Central bank caps banks’ lending-deposit spread at 4%

Most banks in Bangladesh currently report spreads above the new regulatory limit

A circular from the central bank mandates that the gap between average interest rates on all loans and deposits — excluding credit cards and consumer finance — must not exceed 4 percent.

The Bangladesh Bank has capped the spread between banks’ average lending and deposit rates at 4 percent, acting to keep borrowing costs for industry and other productive sectors at a reasonable level. The directive, issued on Monday, takes effect immediately.

A circular from the central bank’s Banking Regulation and Policy Department-1 was sent to the managing directors and chief executives of all scheduled banks in the country.
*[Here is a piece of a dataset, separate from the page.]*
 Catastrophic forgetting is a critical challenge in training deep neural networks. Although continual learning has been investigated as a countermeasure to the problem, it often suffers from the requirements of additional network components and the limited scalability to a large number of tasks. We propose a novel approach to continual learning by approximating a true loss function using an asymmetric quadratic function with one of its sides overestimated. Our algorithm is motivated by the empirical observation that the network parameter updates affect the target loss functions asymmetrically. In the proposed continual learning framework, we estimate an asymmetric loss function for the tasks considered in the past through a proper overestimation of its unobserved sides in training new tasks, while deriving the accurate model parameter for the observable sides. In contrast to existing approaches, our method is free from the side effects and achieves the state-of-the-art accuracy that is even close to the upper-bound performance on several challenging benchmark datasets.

It mandates that the gap between average interest rates on all loans and deposits — excluding credit cards and consumer finance — must not exceed 4 percent.

The Bangladesh Bank said many banks were charging significantly higher lending rates relative to their deposit rates. Their intermediation spread has widened markedly, hurting trade, commerce and industrial growth. The new ceiling aims to keep loan pricing within a logical range.
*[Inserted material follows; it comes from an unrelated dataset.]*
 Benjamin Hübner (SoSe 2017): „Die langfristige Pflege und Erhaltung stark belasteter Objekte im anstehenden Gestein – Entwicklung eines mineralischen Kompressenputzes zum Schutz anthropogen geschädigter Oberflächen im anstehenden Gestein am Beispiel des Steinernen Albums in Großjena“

The circular notes that the regulator scrapped the spread limit in November 2023, when it adopted the SMART-based lending rate formula tied to the six-month moving average rate of treasury bills. When Bangladesh moved fully to a market-based interest rate regime in May 8, 2024, no spread cap remained in place for banks.

Central bank has since found that some banks raised lending rates far more aggressively than deposit rates after the switch. This piled pressure on borrowers and created obstacles to business expansion, prompting the fresh move to reimpose the spread limit.
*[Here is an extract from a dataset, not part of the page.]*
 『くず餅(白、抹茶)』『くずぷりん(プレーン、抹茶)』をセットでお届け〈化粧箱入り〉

Bangladesh Bank’s new 4 percent spread ceiling will force most lenders to cut their borrowing rates. Banks that do not must lift deposit rates instead.

Of the 61 scheduled banks, 56 now report a spread above the cap, with some touching nearly 10 percent. Nine foreign banks carry the highest average spread at 8.40 percent. Six state-owned commercial banks average 5.64 percent, while 43 private commercial banks average 5.58 percent. Three specialised government banks record the lowest average, at 3.31 percent.

Standard Chartered Bank leads the field with a May spread of 9.68 percent. Dutch-Bangla Bank comes second at 9.09 percent, and State Bank of India and National Bank of Pakistan report 8.01 percent and 7.93 percent respectively.

Other domestic banks in the upper range include United Commercial Bank at 7.28 percent, Shahjalal Islami Bank at 6.65 percent, City Bank at 6.30 percent, Bank Asia at 6.03 percent, BRAC Bank at 5.76 percent, Southeast Bank at 5.36 percent, Dhaka Bank at 5.32 percent, Prime Bank at 5.25 percent and Eastern Bank at 5.18 percent.

The tightest spreads among private banks sit at Mutual Trust Bank PLC (4.10 percent), Islami Bank Bangladesh (4.23 percent) and Pubali Bank (4.70 percent).